I would like to prove that for any family of balls $\{B(c_i,r_i)\}_i \subset \mathbb{R}^d$ such that $\{c_1, \dots, c_n\} \subset \bigcap_i B(c_i,r_i) $ and $\forall i, r_i \geq 1$, there exists a ball of radius $1-\frac{\theta_d}{2}$ included in the intersection $\bigcap_i B(c_i,r_i)$ where $\theta_d/2 = \frac{1}{2}\sqrt{\frac{2d}{d+1}}$ denotes the ratio between the diameter and the radius of the smallest enclosing ball of a regular simplex.

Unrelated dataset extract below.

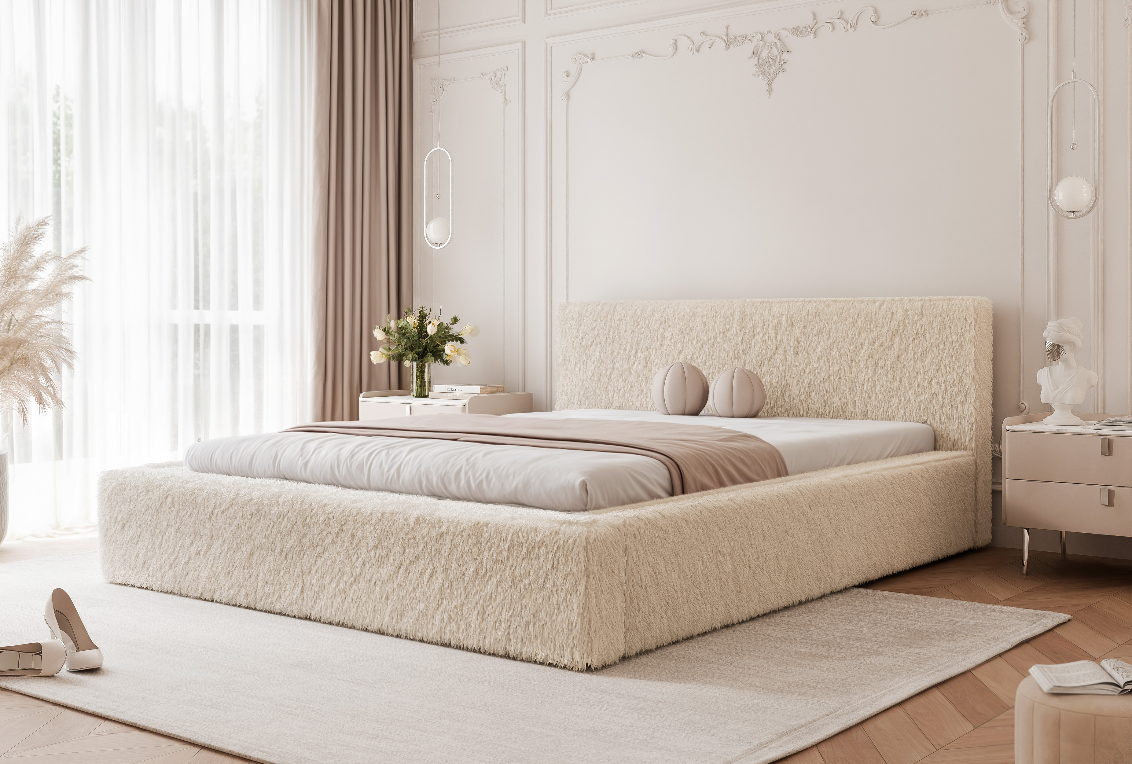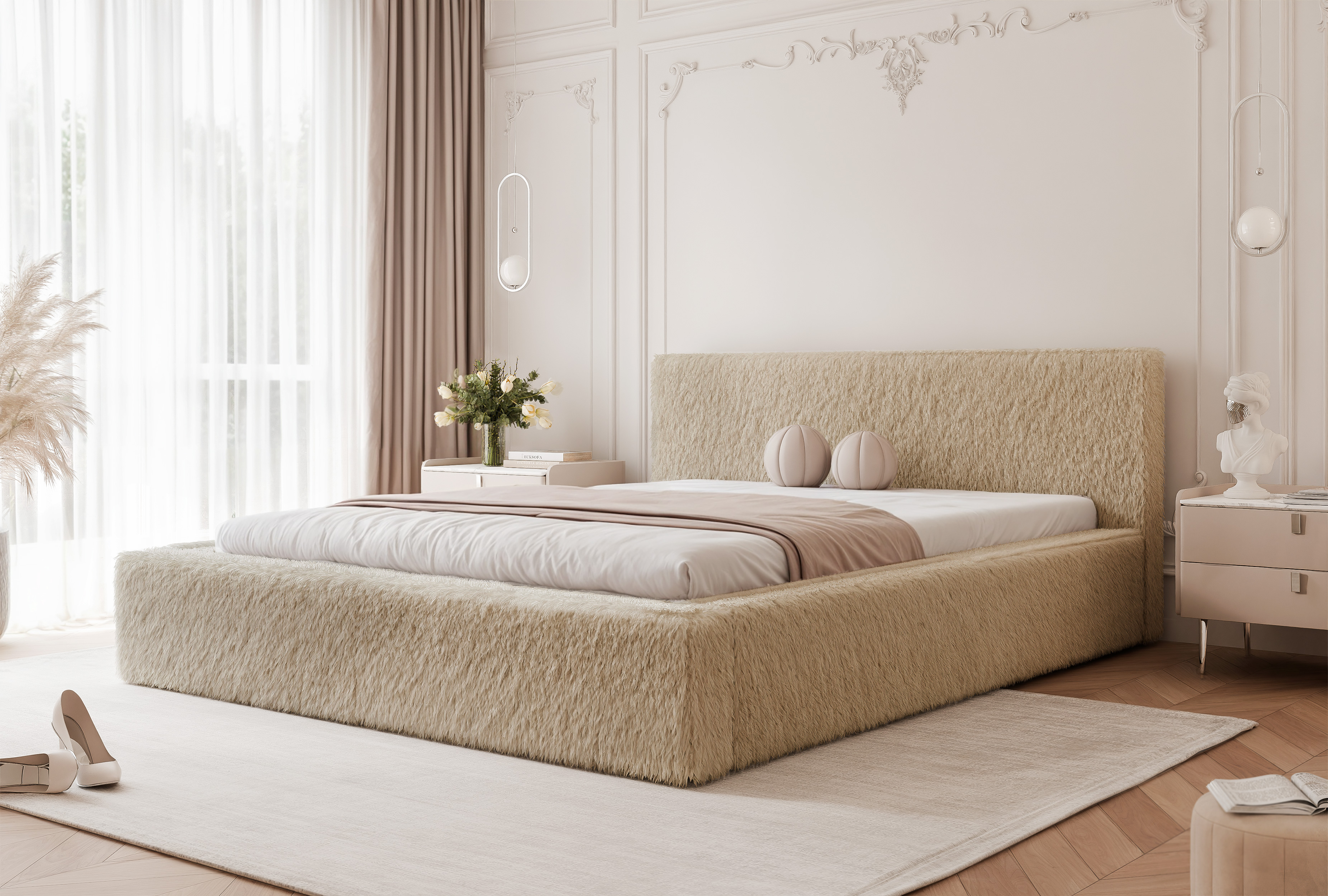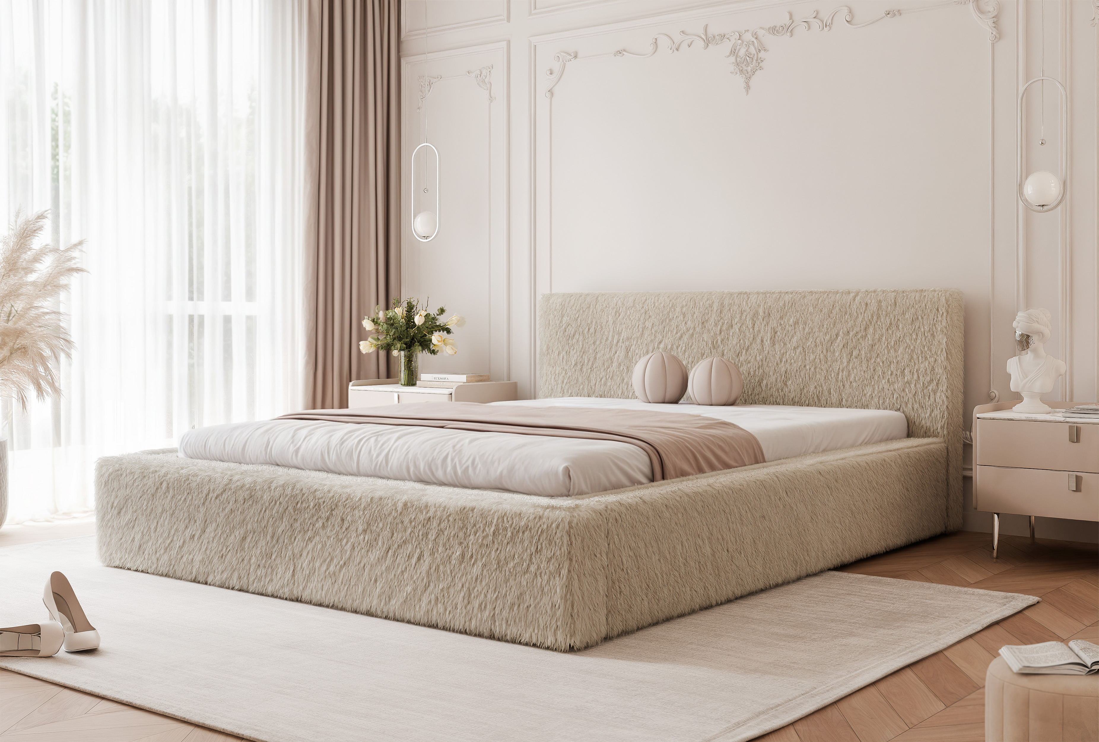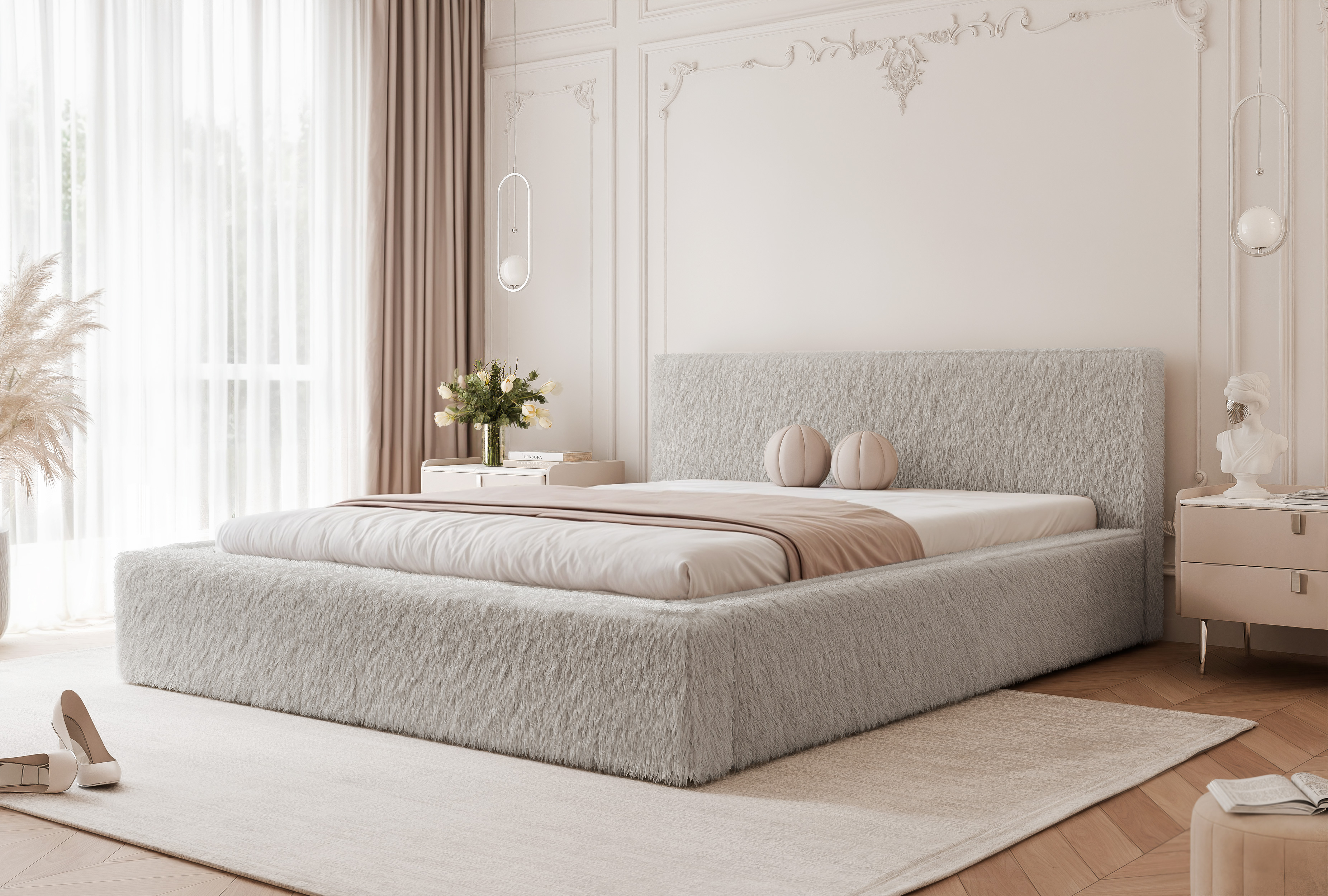 Das Fluffy Polsterbett vereint stilvolles Design mit außergewöhnlichem Komfort und wird zu einem luxuriösen Mittelpunkt in Ihrem Schlafzimmer. Mit seinem flauschigen, fellartigen Bezug sorgt das Bett nicht nur für eine gemütliche Schlafumgebung, sondern schafft auch eine elegante, einladende Atmosphäre. Ideal für moderne Schlafzimmer, in denen Komfort und Stil im Mittelpunkt stehen.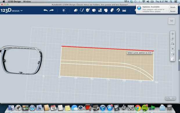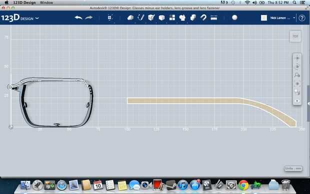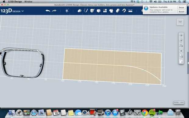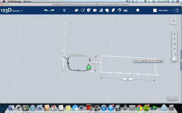 Bien, entonces vaya a la vista superior y alejar a darse en algunas habitaciones. Ir a la herramienta de rectángulo y hacer un rectángulo que es cerca de 145mm de ancho y 30mm de alto (encontré que brazos de templo más gafas son 14,5 cm y parecen caber cómoda a cada persona que encontré).. Obtener la herramienta spline y esbozar su brazo del templo. Mina era recto, pero en alrededor de 100mm creo que comenzó al resto de la forma de la curva hasta en 5mm desde el eje X. Usted puede utilizar que si usted quiere, que es otra vez de los datos que recopilé de gafas de mis compañeros. Ahora sacar la herramienta para guarnecidos y todo lo que necesita para llegar a tu bosquejo recortar.

Intuitively, it seems that the way of making the smallest intersection is to assign all points $c_i$ to the vertices of a regular simplex of diameter $1$ and all $r_i$ to $1$. By doing so, one can check that the ball of radius $1-\frac{\theta_d}{2}$ centered at $x$ the barycenter of $\{c_1,\dots,c_n\}$ is included in the intersection of balls $ \bigcap_i B(c_i,r_i)$. Indeed, in the case of a simplex, the radius of the biggest ball centered at $x$ and included in the intersection of balls is $1-\text{Radius}(\sigma) = 1 - \frac{\theta_d}{2}$ (hence the constant is tight in this case).
I am having difficulties to prove that this case is indeed the worst case. I was just able to prove that the result holds when all balls have the same radius. Does this result seems familiar to someone? I would really appreciate any comment, idea or reference.
ps : The topology tag is here for several reason. One of them is that the biggest radius of the ball included in the intersection corresponds to the weak feature size of the complement of the intersection. Another one is that this result is linked to a collapsibily result.